2020 ESA Annual Meeting (August 3 - 6)

COS 109 Abstract - Partitioning spatio-temporal variability in forecasts of the soil microbiome

Zoey R. Werbin, Biology, Boston University, Boston, MA, Colin Averill, Department of Environmental Systems Sciences, ETH Zürich, Zürich, Switzerland, Michael C. Dietze, Earth and Environment, Boston University, Boston, MA and Jennifer M. Bhatnagar, Department of Biology, Boston University, Boston, MA
Background/Question/Methods: Soil contains a complex, diverse microbiome that carries out many of Earth's critical biogeochemical functions. Despite their global significance, we have little understanding of how stable these communities are at multi-year timescales - and consequently, we do not know how the soil microbiome will shift with climate change in the near-term future. We used time series data (2013-2017) from 5 National Ecological Observatory Network (NEON) sites to develop models and forecasts for hundreds of microbial taxa and functional groups using soil properties and weather conditions. Bayesian hierarchical models were constructed at multiple taxonomic resolutions to determine the effect of taxonomic scale on predictability of microbial communities over space and time. We investigated the degree to which space, time, and environmental conditions can explain variation in microbial taxonomic and functional group abundances. Data from 2013-2016 were used to calibrate models and hindcasts to 2017 were performed to test the predictive accuracy of models under realistic data constraints.

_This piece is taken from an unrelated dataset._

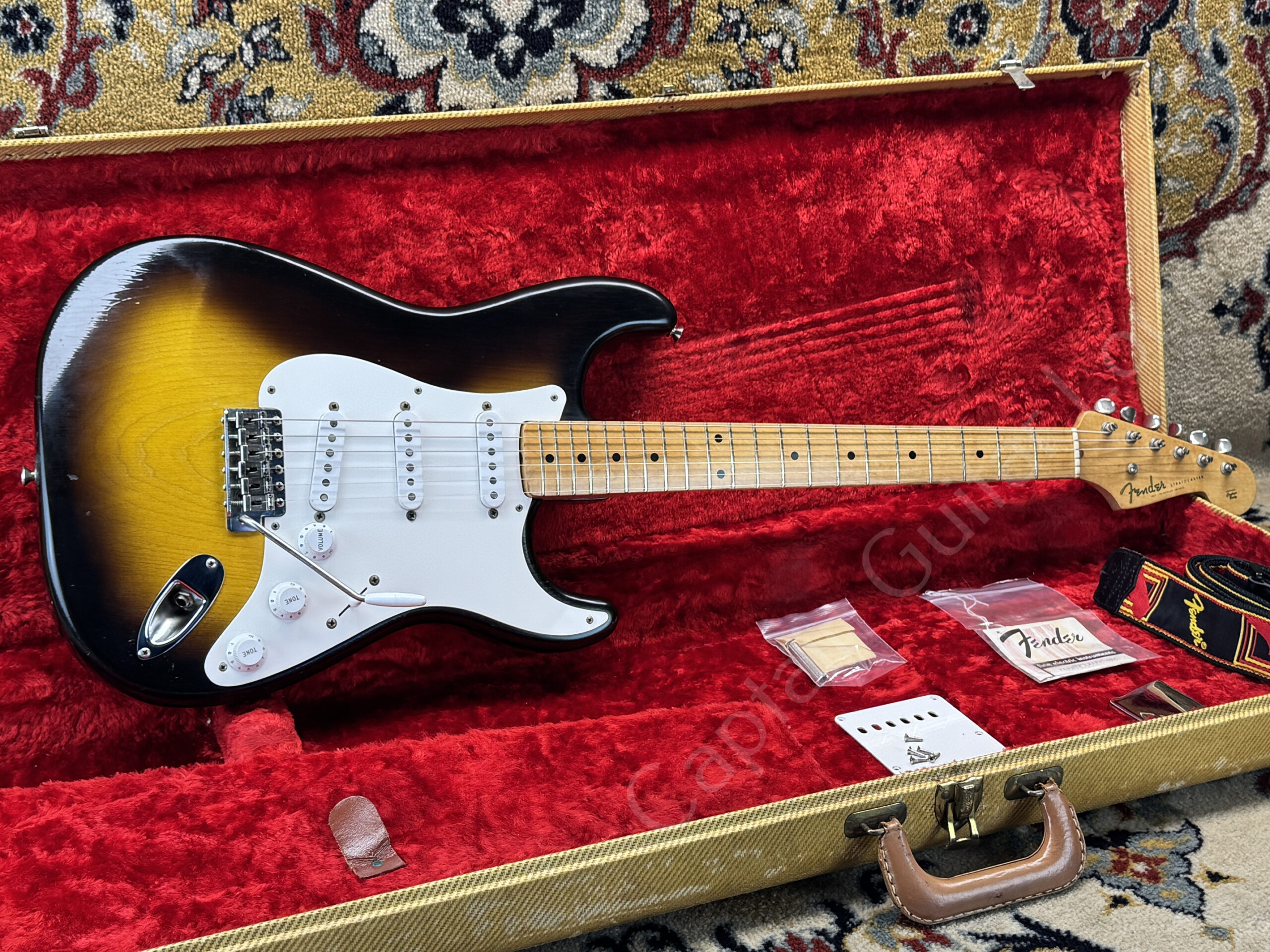 Exceptionally well preserved 1956 Fender Stratocaster, bought in 2013 from Fretted Americana (USA). The description from that time is enclosed.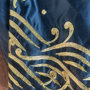 stunning fully hand embroidered, front, back, and sleeves black silk tunic, 48" in length. craftsmanship is top notch

Results/Conclusions: We found that spatial variability was larger than temporal variability for the majority of groups modeled. The abundance of microbial taxa is generally stable over time at the phylum level, but fluctuates at finer (genus and family) taxonomic resolutions. Temperature and precipitation explained the majority of temporal variation in group abundances, but bacterial taxonomic and functional groups were more sensitive to these environmental conditions. Obstacles to accurate forecasts included low temporal sampling resolution and uncertainty in forecasts of environmental drivers. Our forecasts will regularly assimilate new data as it is released by NEON and we expect the forecasts to provide a transparent record of our developing forecast capacity. Our approach for linking large spatio-temporal bioinformatics and ecological data has the potential to disentangle macroecological processes that shape the soil microbiome.